=== WHAT TO PRODUCE ===
The answer is the line containing "生物医学研究院Departm" plus every line after it to the end of the material, retyped exactly and without the pictures.

=== DATASET SECTION ===
────────────────────────────────────────
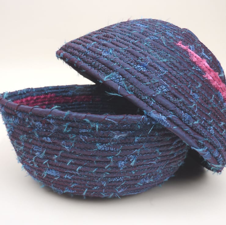 Here is a basket with a lid, I don't make them often, as a lid is just a basket upside down, so takes just as long to make! However, this coiled fabric basket in taffeta is just perfect for keeping small things tidy and out of site. What a lovely gift for a teenager going to uni - add all those sewing necessities for a useful away-from-home mending kit, or fill with something thoughtful for a new mum or as a special gift for a friend. Christmas?
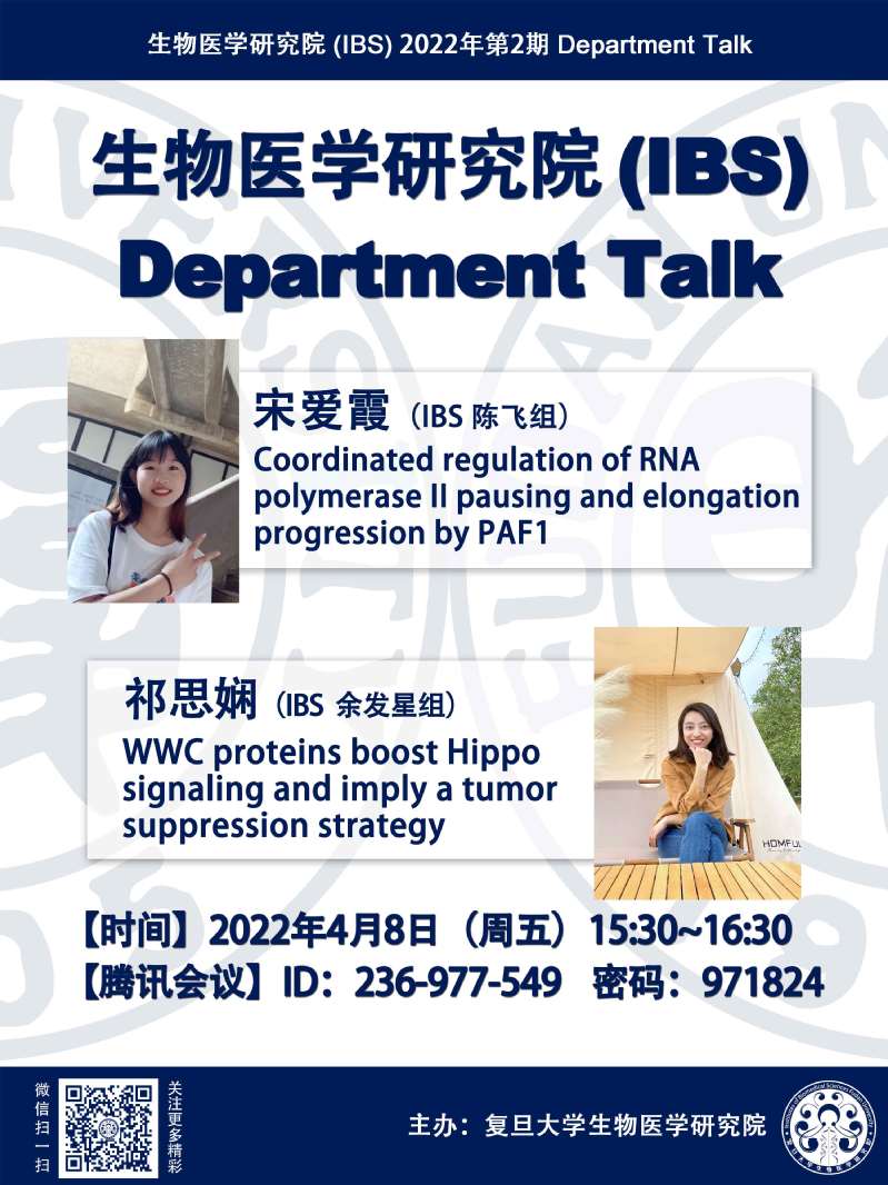 生物医学研究院Department Talk系列(宋爱霞、祁思娴)-4月8日下午15:30(线上)
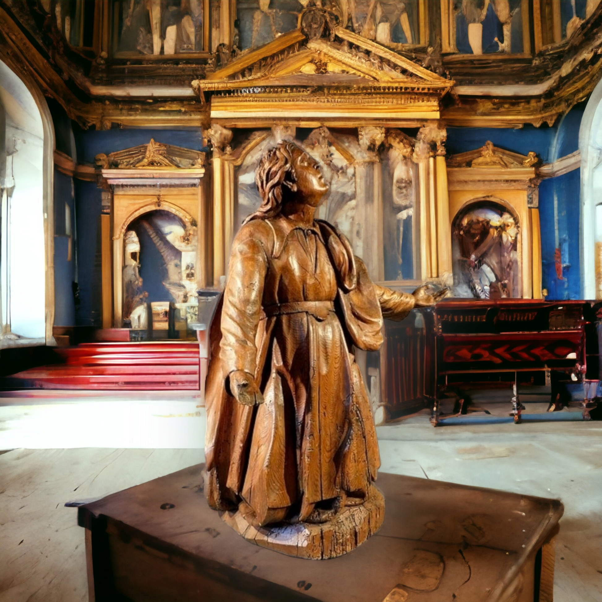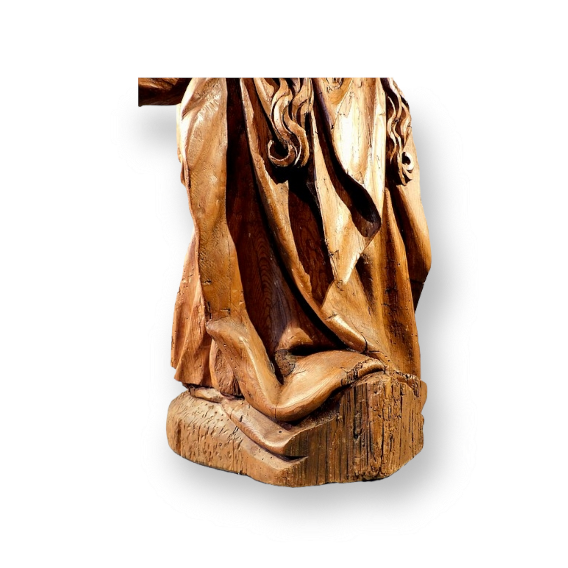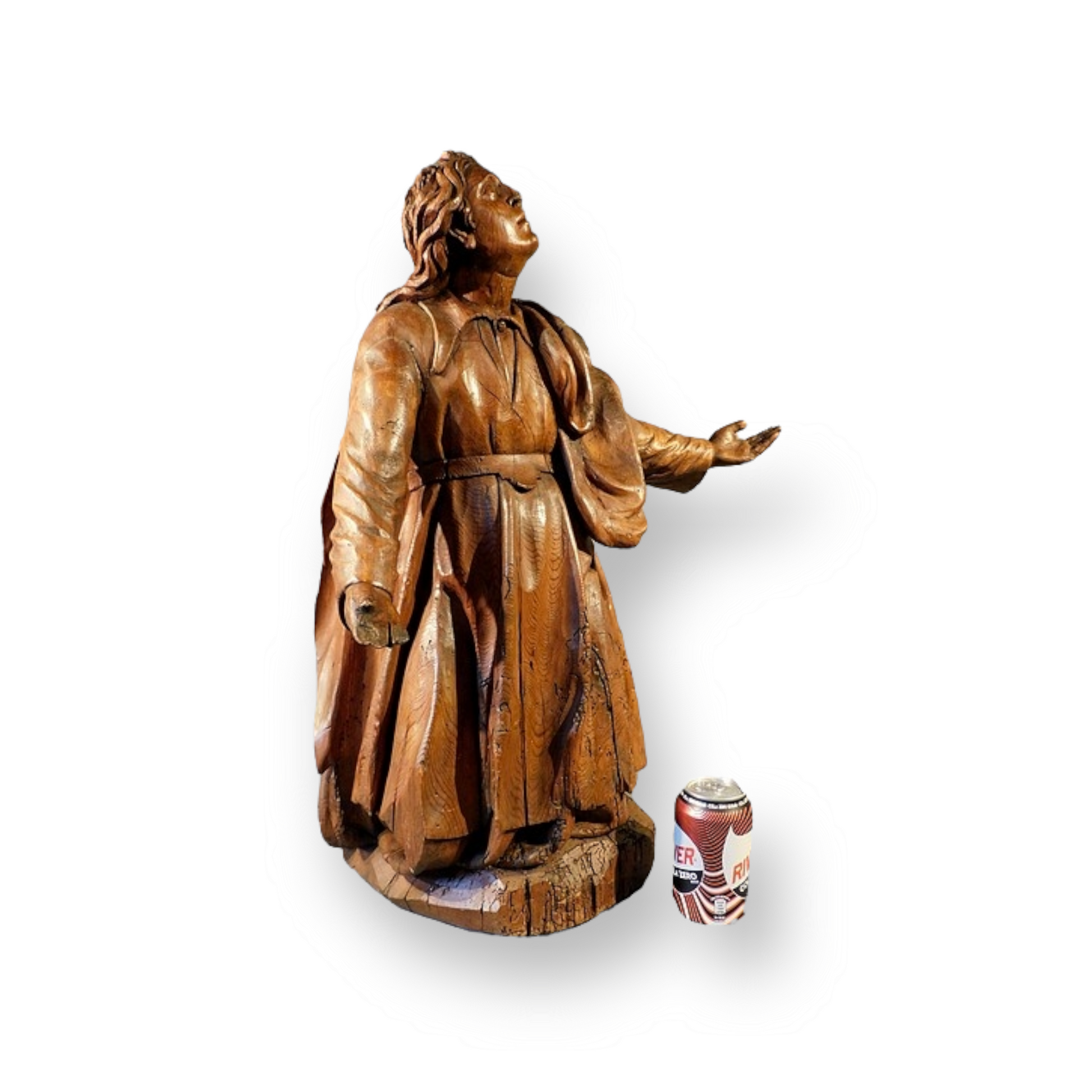 An early 17thC antique carved pine sculpture depicting Mary Magdalene kneeling. This sculpture once formed part of a larger figure group where she would have been portrayed kneeling at the Cross of Christ following his crucifixion.
────────────────────────────────────────
=== EXERCISE OUTPUT ===
 生物医学研究院Department Talk系列(宋爱霞、祁思娴)-4月8日下午15:30(线上)
 An early 17thC antique carved pine sculpture depicting Mary Magdalene kneeling. This sculpture once formed part of a larger figure group where she would have been portrayed kneeling at the Cross of Christ following his crucifixion.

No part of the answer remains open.